As he neared home, the anxiety lately written in his face, merged by degrees into a grimly humorous smile, which hung long upon his lips, and he quoted aloud a line from the book of Jeremiah —

‘A woman shall compass a man.’

3. NOVEMBER THE NINETEENTH. DAYBREAK

Before it was light the next morning, two little naked feet pattered along the passage in Knapwater House, from which Owen Graye’s bedroom opened, and a tap was given upon his door.

‘Owen, Owen, are you awake?’ said Cytherea in a whisper through the keyhole. ‘You must get up directly, or you’ll miss the train.’

When he descended to his sister’s little room, he found her there already waiting with a cup of cocoa and a grilled rasher on the table for him. A hasty meal was despatched in the intervals of putting on his overcoat and finding his hat, and they then went softly through the long deserted passages, the kitchen-maid who had prepared their breakfast walking before them with a lamp held high above her head, which cast long wheeling shadows down corridors intersecting the one they followed, their remoter ends being lost in darkness. The door was unbolted and they stepped out.

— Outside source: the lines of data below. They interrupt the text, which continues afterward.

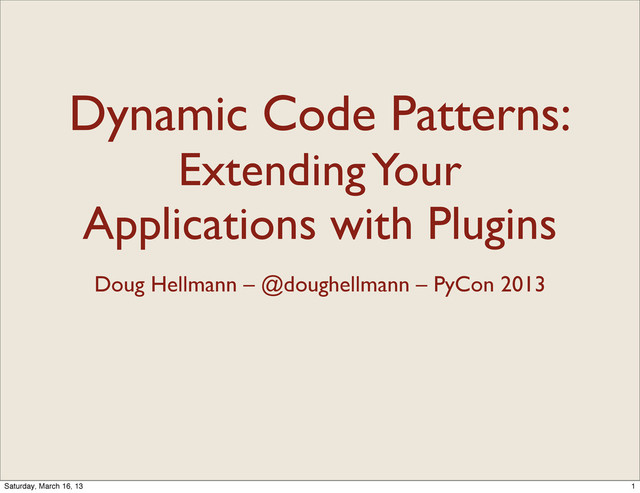 Python makes loading code dynamically easy, allowing you to configure and extend your application by discovering and loading extensions at runtime. This presentation will discuss the techniques for dynamic code loading used in several well-known applications and weigh the pros and cons of each approach.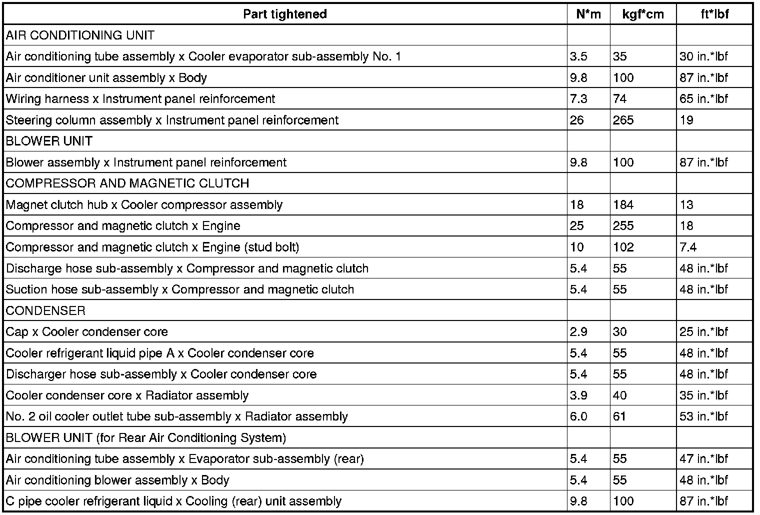 SERVICE SPECIFICATIONS: AIR CONDITIONING: TORQUE SPECIFICATIONS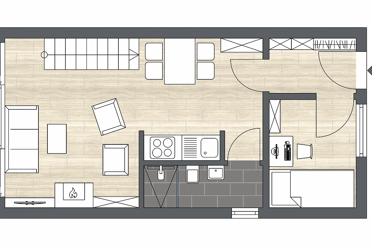 il soggiorno aperto, sala da pranzo con TV, una stufa a legna accogliente, un moderno bagno con doccia illuminato dalla luce naturale, nonché una cucina moderna.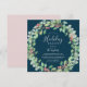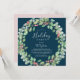 This Christmas greenery wreath navy holiday party invitation card is perfect for a simple holiday event. The winter holiday design features soft sage green watercolor eucalyptus and modern botanicals with sprigs of classic red holly berries.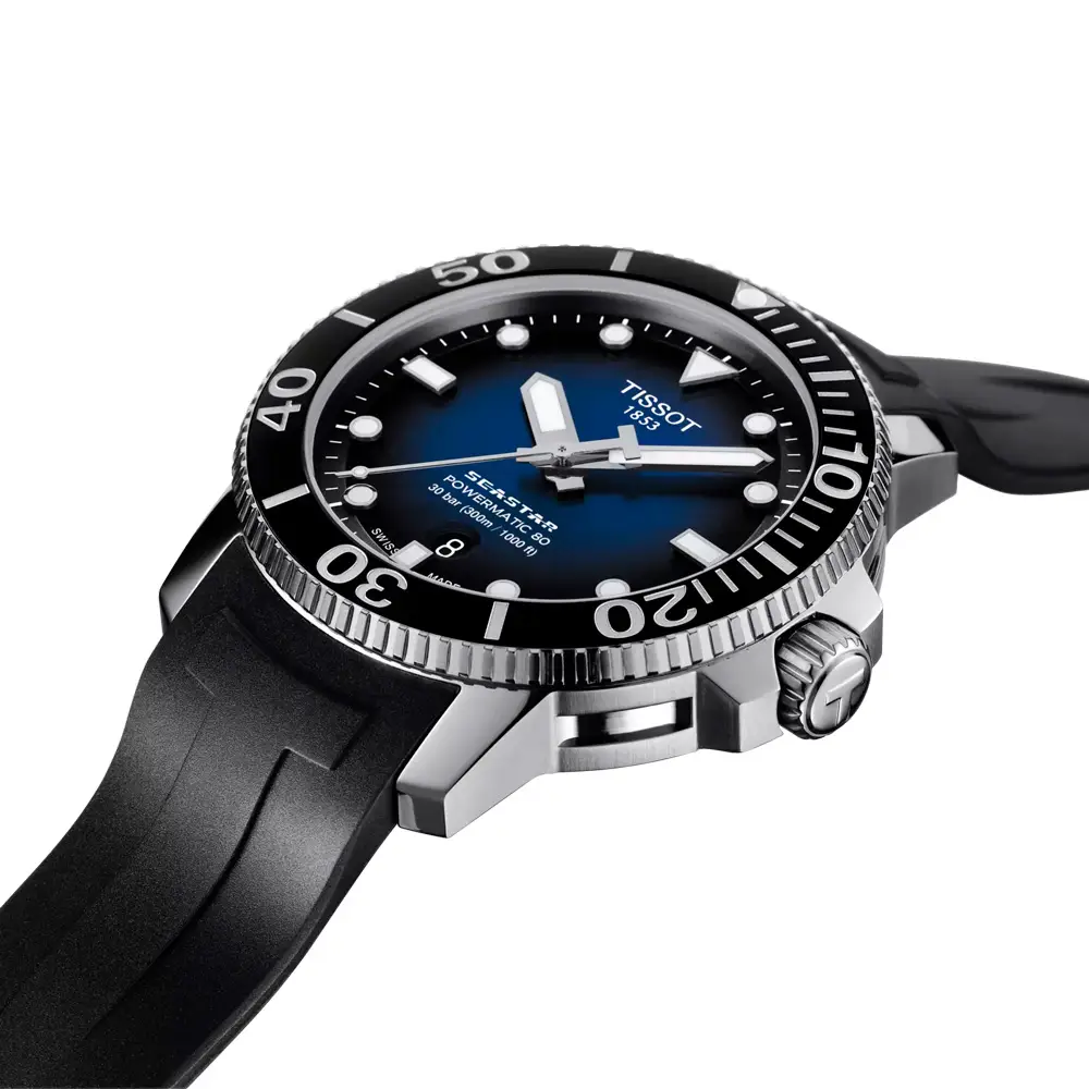 Dây cao su xanh mang lại sự thoải mái trong mọi hoạt động. Với khả năng chống nước 300 m (30 bar), Tissot Seastar 1000 Powermatic 80 T120.407.17.041.00 là lựa chọn lý tưởng cho quý ông yêu thích sự mạnh mẽ, chính xác và phong cách vượt thời gian, phù hợp cả trên cạn lẫn dưới nước.

Owen had preferred walking to the station to accepting the pony-carriage which Miss Aldclyffe had placed at his disposal, having a morbid horror of giving trouble to people richer than himself, and especially to their men-servants, who looked down upon him as a hybrid monster in social position. Cytherea proposed to walk a little way with him.

‘I want to talk to you as long as I can,’ she said tenderly.

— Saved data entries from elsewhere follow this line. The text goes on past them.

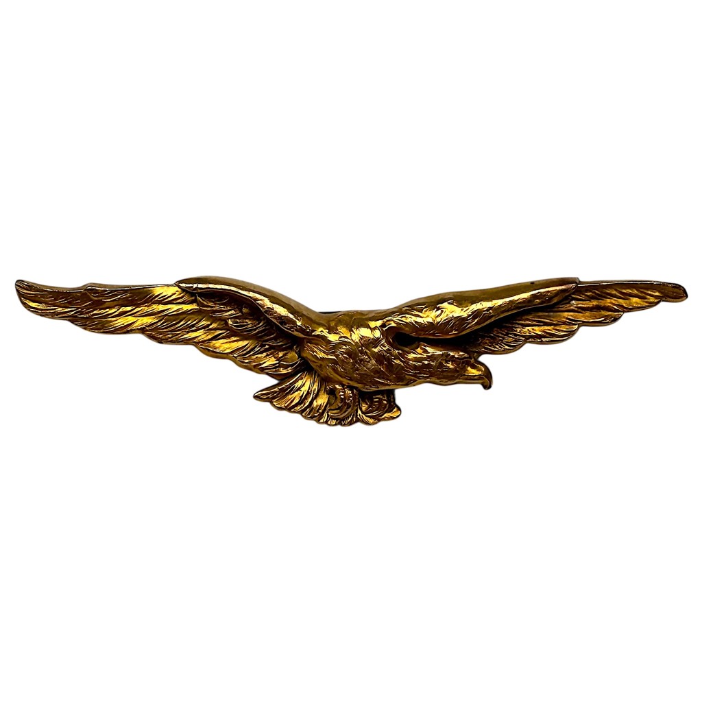This French pilot wing from the First World War is made of gold-colored metal and features a finely crafted eagle with outstretched wings, characteristic of early aviation insignia from the 1914–1918 period.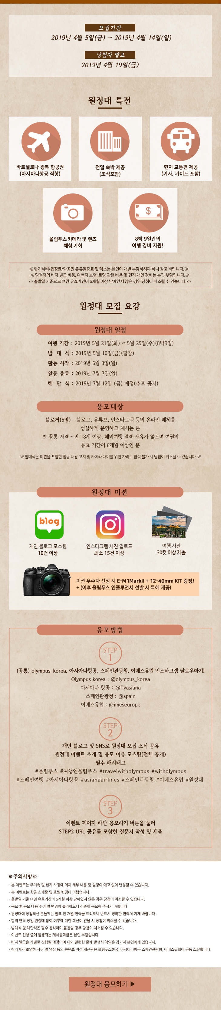 선정된 원정대는 8박 9일간 스페인 바르셀로나를 여행하며 지중해의 낭만, 풍요로운 음식, 가우디의 건축물, 피카소 등 거장들의 발자취 등을 경험하게 됩니다. 왕복 항공권과 숙박, 교통편은 물론 추억을 담을 카메라 역시 올림푸스의 최신 미러리스 카메라로 체험할 기회가 주어진다고 합니다.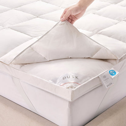 Breathable yet indulgent, our Supreme goose down mattress topper is the ultimate in luxurious comfort. Featuring a two-tiered design, the top layer of this mattress topper contains 70% fluffy goose down, while the bottom feather-filled layer provides gentle support.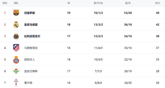 在積分榜上,巴薩的戰(zhàn)績是16勝1平2負,拿到49分排名榜首。皇馬以42分排名第2。皇馬在少賽一場的情況下落后巴薩7分。比利亞雷亞爾贏球后,暫時升到了第3名,總積分是38分。而馬競則以37分掉到第4名。第5的是西班牙人,拿到了33分?;始邑惖偎挂?8分排名第6。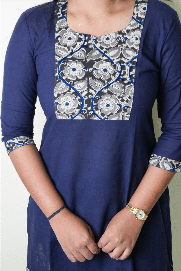 Navy blue kalamkari patch short kurti

Brother and sister then emerged by the heavy door into the drive. The feeling and aspect of the hour were precisely similar to those under which the steward had left the house the evening previous, excepting that apparently unearthly reversal of natural sequence, which is caused by the world getting lighter instead of darker. ‘The tearful glimmer of the languid dawn’ was just sufficient to reveal to them the melancholy red leaves, lying thickly in the channels by the roadside, ever and anon loudly tapped on by heavy drops of water, which the boughs above had collected from the foggy air.

They passed the Old House, engaged in a deep conversation, and had proceeded about twenty yards by a cross route, in the direction of the turnpike road, when the form of a woman emerged from the porch of the building.

She was wrapped in a grey waterproof cloak, the hood of which was drawn over her head and closely round her face – so closely that her eyes were the sole features uncovered.

With this one exception of her appearance there, the most perfect stillness and silence pervaded the steward’s residence from basement to chimney. Not a shutter was open; not a twine of smoke came forth.

Underneath the ivy-covered gateway she stood still and listened for two, or possibly three minutes, till she became conscious of others in the park. Seeing the pair she stepped back, with the apparent intention of letting them pass out of sight, and evidently wishing to avoid observation. But looking at her watch, and returning it rapidly to her pocket, as if surprised at the lateness of the hour, she hurried out again, and across the park by a still more oblique line than that traced by Owen and his sister.

These in the meantime had got into the road, and were walking along it as the woman came up on the other side of the boundary hedge, looking for a gate or stile, by which she, too, might get off the grass upon the hard ground.

Their conversation, of which every word was clear and distinct, in the still air of the dawn, to the distance of a quarter of a mile, reached her ears, and withdrew her attention from all other matters and sights whatsoever. Thus arrested she stood for an instant as precisely in the attitude of Imogen by the cave of Belarius, as if she had studied the position from the play. When they had advanced a few steps, she followed them in some doubt, still screened by the hedge.